For me it just doesn't work, and it doesn't make a whole lot of sense for North Korea to suddenly think so big rather than invading countries nearer to home and build itself up first.

Trying to marry this up with real life aside, the reason that the change has been made is because Hollywood has been targeting China as a key market outside of the U.S., one that could bring in a lot of money, and portraying them as an enemy of the U.S., even in an entertaining film, isn't what they want for trade relations.

MGM stated through the L.A. Times and Latino Review that no one had talked with Chinese authorities and that would mean the studio just decided to digitally erase all Chinese flags, insignias and propaganda from Red Dawn on their own as well as reshoot scenes. In fact the article states that the decision was made after screenings to potential distributors and the response from them was that they would be concerned about distribution and had even requested anonymity in some cases.

Tripp Vinson, one of the producers of the film came out with a glorious quote:

"We were initially very reluctant to make any changes...But after careful consideration we constructed a way to make a scarier, smarter and more dangerous 'Red Dawn' that we believe improves the movie."

That doesn't work when you consider the countries and the population size, how does it suddenly make it scarier, more dangerous and smarter?
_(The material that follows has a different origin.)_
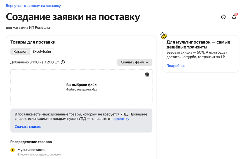 Если заметите ошибки в файле или при создании поставки — напишите службе поддержки в разделе Общение → Поддержка. Маркет исправит неточности и после этого вы сможете создать заявку заново.

How could moving from a Chinese invading force to a North Korean invading force make the film better?

It's clearly one thing and one thing alone, they wanted distribution in China and they want to earn the money there.

At least Mike Vollman the Executive Vice President of Worldwide Marketing for MGM was honest when he said:

"MGM has been working with the film 'Red Dawn's' director and producers to make the most commercially viable version of the film for audiences worldwide...We want to ensure the most people possible are able to experience it."

I respect that honesty much more than some rubbish about the change making the film better.

However it seems that not so much needs to be changed, or perhaps it's another publicity comment, but we're also told that the US $1 million worth of changes to the film will see the opening sequence which creates the fictional world where this could happen changed, the editing of two scenes and digital work throughout the film to remove all the Chinese symbols and change them to Korean.

I think the key there is "fictional world".

The article also mentions that it's actually a coalition that invades the U.S., I'd be interested to see who else is invading the country along with North Korea, probably all the countries that don't buy Hollywood films.

Do the studios know they are alienating potential future markets? Perhaps they should stick to aliens invading all the time, mind you, they could be potential markets in the future too.

Interestingly the director Dan Bradley wasn't around to comment on any of this. I wonder what he or any of the writers would say? Toe the studio line or be annoyed that they were selling out and changing the film? Why didn't anyone suggest this at the script or development stages?